Suddenly, my coat felt too hot, too constricting, like the suffocating central heating of department stores in the dead of winter. The grating of a jackhammer against pavement, which I’d barely noticed moments earlier, now felt like an assault on my eardrums.
Without thinking, I ran.
George, Lola, and Lionel watched with alarm as I barreled through my front door and went straight to the windows. I yanked down the blinds—I didn’t want to know what was going on in the apartment opposite. As I collapsed onto the sofa, I recognized the searing ache from my solar plexus to my gut—I’d felt it before.
Betrayal.
Julia and Reuben were the one emotional constant I had in my life. I’d seen their love expressed so clearly in their mannerisms, their routines. They were the one piece of evidence I had that real, romantic love existed beyond screens. And it was all a lie.
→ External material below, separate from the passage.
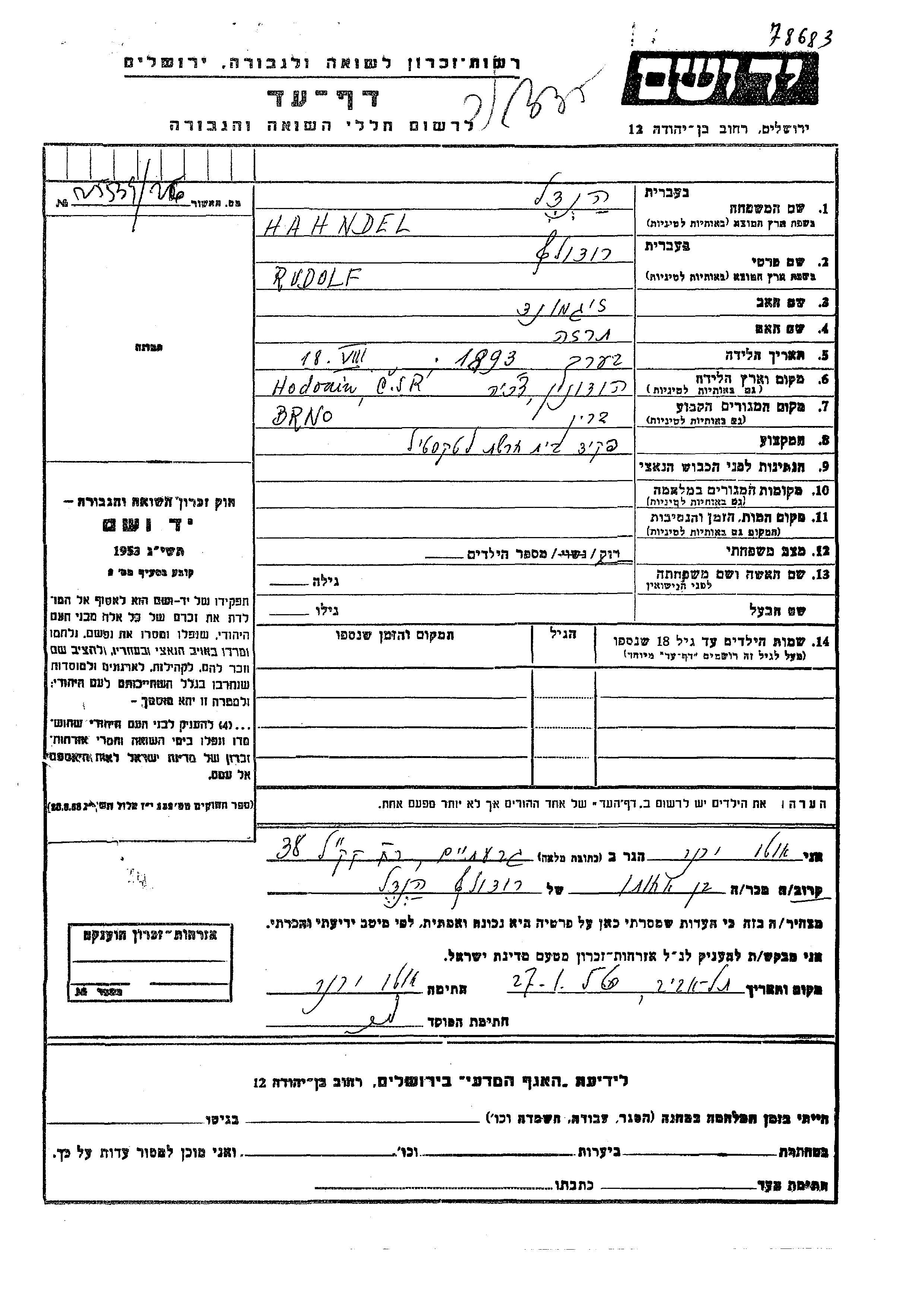 Hahndel Rudolf 1888 Brno, Czechoslovakia Page of Testimony

What hurt even more was that it was all happening with someone I’d trusted. I’d revealed so much of myself to Sylvie—my fears about love, my nonexistent sexual history, the kiss with Sebastian. Parts of myself I’d worked so hard to keep hidden. But she’d told me nothing. I didn’t even know she was in a new relationship. What kind of friendship was that?
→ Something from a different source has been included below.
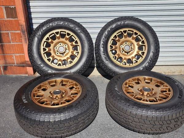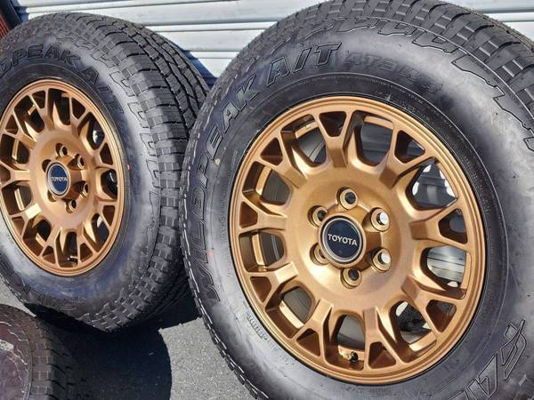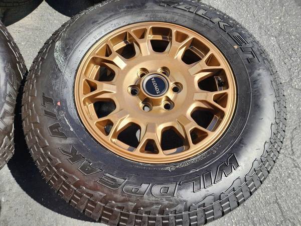 New 2026 18" TOYOTA TACOMA TRD 4RUNNER TUNDRA SEQUOIA LAND CRUISER GX550 WHEELS RIMS TIRES Brand new take-offs Flawless condition Bronze gold powder coat Factory OEM Toyota wheels 265 70 18 Falken...

I pushed my forehead against my palms, wishing I could delete the memory of what I’d seen. But sitting still only made me more anxious. I began pacing laps around my living room, ignoring the concern on my pets’ faces.
Unsure how else to calm myself, I did the thing I knew best. I switched off my emotions, pushing them away until I felt numb, and I refocused on the one thing I could control: finding Hugo for Claudia.